As long as neither one is mounted while doing the copy, and one or the 
other is hidden before an attempt to mount, it should be safe, yes.

The base problem is that btrfs can be multi-device, and that it tracks 
the devices belonging to the filesystem based on UUID, so as soon as it 
sees another device with the same UUID, it considers it part of the same 
filesystem.  Writes can go to any of the devices it considers a component 
device, and after a write creates a difference, reads can end up coming 
from the stale one.

Meanwhile, unlike many filesystems, btrfs uses the UUID as part of the 
metadata, so changing the UUID isn't as simple as rewriting a superblock; 
the metadata must be rewritten to the new UUID.  There's actually a tool 
now available to do just that, but it's new enough I'm not even sure it's 
available in release form yet; if so, it'll be latest releases.  
Otherwise, it'd be in integration branch.

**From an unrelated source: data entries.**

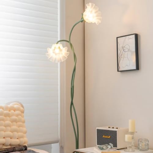 GUANSHAN Romantisk liljekonvalj golvlampa, fransk pastoral blomma sänglampa, golvbelysning, dekorativ golvlampa, böjbar, gör-det-själv för sovrum, vardagsrum
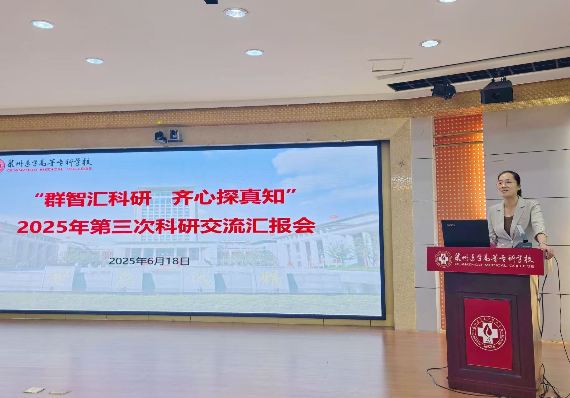 2025年6月18日,泉州医学高等专科学校在洛江校区信息楼十二楼多功能厅成功举办2025年第三次科研交流汇报会。本次会议由护理学院承办,主题为“群智汇科研·齐心探真知”。会议由副校长林迳苍主持,校党委书记李伯群、校长陈婉南、校党委副书记王翠玲等校领导、相关职能部门以及各院部负责人出席。会议特邀厦门大学医学院朱杰敏教授,与全校科研骨干教师共同探索科研新领域,分享研究成果。
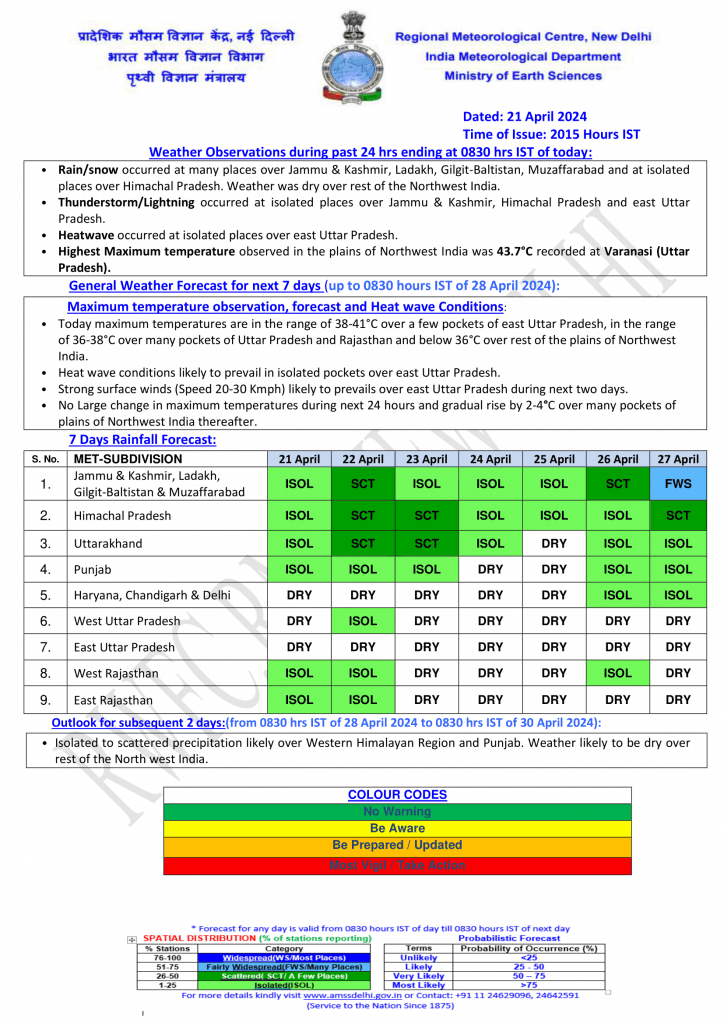 मौसम का पूर्वानुमान बताने वाली निजी संस्था स्काइमेट वेदर के अनुसार, 22 से 26 अप्रैल के बीच जम्मू-कश्मीर, लद्दाख, हिमाचल प्रदेश और उत्तराखंड में बारिश के साथ-साथ बर्फबारी के आसार हैं. वहीं 22 से 23 अप्रैल के बीच उत्तरी पंजाब, उत्तरी हरियाणा में तेज हवाओं के साथ बारिश की संभावना है.

And FWIW a different aspect of the same problem can occur in raid1 mode, 
when a device drops out and is later reintroduced, with both devices 
separately mounted rw,degraded and updated in the mean time.  Normally, 
btrfs will track the generation, a monotonically increasing integer, and 
will read from the higher/newer generation, but with separate updates to 
each, if they both happen to have the same generation at reunite...

So for raid1 mode, the recommendation is that if there's a split and one 
continues to be updated, be sure the other one isn't separately mounted 
writable and then the two combined again, or if both must be separately 
mounted writable and then recombined, wipe the one and add it as a new 
device, thus avoiding the possibility of confusion.

> Anyway, what is the "strait forward" and recommended way of replacing
> the underlying device on a single-device btrfs not using any raid
> features? I can see 3 options:
> 
> 1. btrfs replace - as far as i understand, it's primarily intended for
> replacing the member disks under btrfs's raid.

It seems this /can/ work.  You demonstrated that much.  But I'm not sure 
whether btrfs replace was actually designed to do the single-device 
replace.  If not, it almost certainly hasn't been tested for it.  Even if 
so, I'm sure I'm not the only one who hadn't thought of using it that 
way, so while it might have been development-tested for single-device-
replace, it's unlikely to have had the same degree of broader testing of 
actual usage, simply because few even thought of using it that way.

Regardless, you seem to have flushed out some bugs.  Now that they're 
visible and the weekend's over, the devs will likely get to work tracing 
them down and fixing them.

> 2, Add a new volume, then remove the old one. Maybe this way we'll need
> to do a full balance after that?

This is the alternative I'd have used in your scenario (but see below).  
Except a manual balance shouldn't be necessary.  The device add part 
should go pretty fast as it would simply make more space available.  The 
device remove will go much slower as in effect it'll trigger that 
balance, forcing everything over to the just added pretty much empty 
device.

You'd do a manual balance if you wanted to convert to raid or some such, 
but from single device to single device, just the add/remove should do it.

> 3. Block-level copy of the partition, then hide the original from the
> kernel to avoid confusion because of the same UUID. Of course, this way
> the volume is going to be off-line until the copy is finished.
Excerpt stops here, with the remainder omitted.